Normally, leaving Paris on a Sunday is easy: early airport trains are empty, or if you take a cab, traffic is minimal. Today? Well now. The airport train isn't running (maintenance work) which means that the traffic buildup to the terminals is huge. It's a reminder that getting to the airport early is always a good idea because travel surprises of this sort abound.
My cab driver then turns to other topics: he tells me a two week Easter vacation starts today for French kids, and how come we, in America, don't have much vacation, because he has a buddy who lives in the US and he reports that he gets only 15 days a year. 15 days! You people!

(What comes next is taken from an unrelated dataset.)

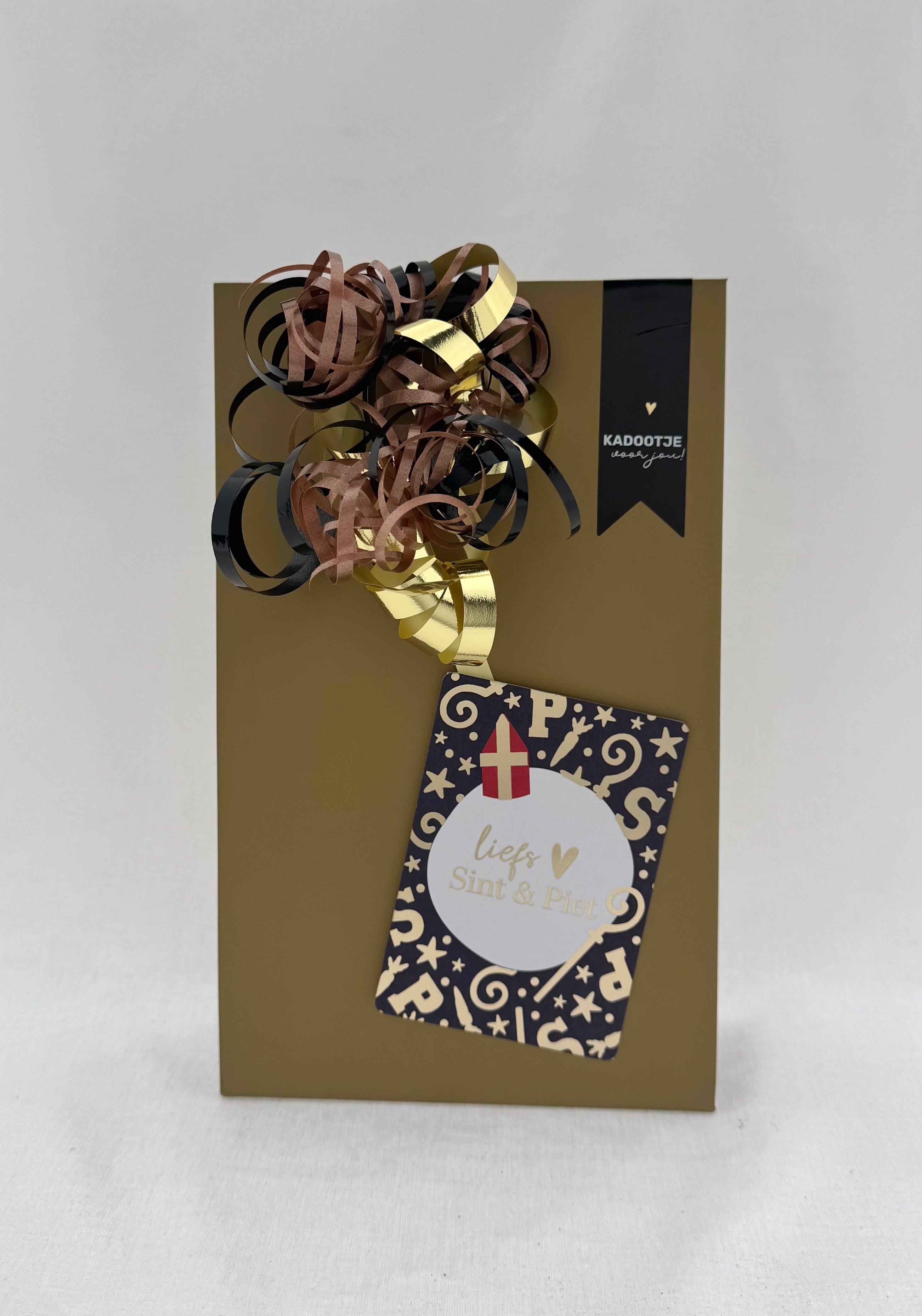 Het geheel is verpakt in een luxe goud-zwarte geschenkdoos, afgewerkt met feestelijke linten. Klaar om direct cadeau te geven.

And how were you're so stupid as to elect the leadership you have there now?
I get out, he helps me with my medium suitcase. I arrive at the airport just as my daughter and her family are going downstairs at our lovely hotel on the quiet street on the Left Bank of Paris. We are on the move.
Since I haven't had breakfast yet, I pause for that. Airport croissants aren't award winners but the taste is good and the yogurt is always yummy.

I take a few minutes to think back. I already miss my sweet daughter, her family, Primrose's hand in mine as we walk miles upon miles of Parisian streets, Juniper's belief in me -- that grandma will grant that fervent wish for an ice cream cone, or for a Playmobil little pony. The richest memories come from my days with them.
Not long after, I'm crossing the ocean. I'm going home.
(The stop in Detroit is on the long side, not helped by an extra hour of delay, but that's fine -- no need to stress about making a connection.)
I'm in Madison by early evening. Ed is there, he drives me home.
Ed, at home, makes it possible for me to take these solo trips to Europe. How so? Well, he is there for me. We talk every day. He listens to my worries and provides that balance to sometimes stressful transitions. His world rarely strays from these words -- all is quiet here. It's a reminder that quiet is in the arms of the beholder. You can find it wherever you go. (Well, perhaps not on the Champs Elysees...).
I am so curious about the garden! Yes, there's a green tone to it and a few blooms are popping open. Spring is here.
I am here.
with so much love...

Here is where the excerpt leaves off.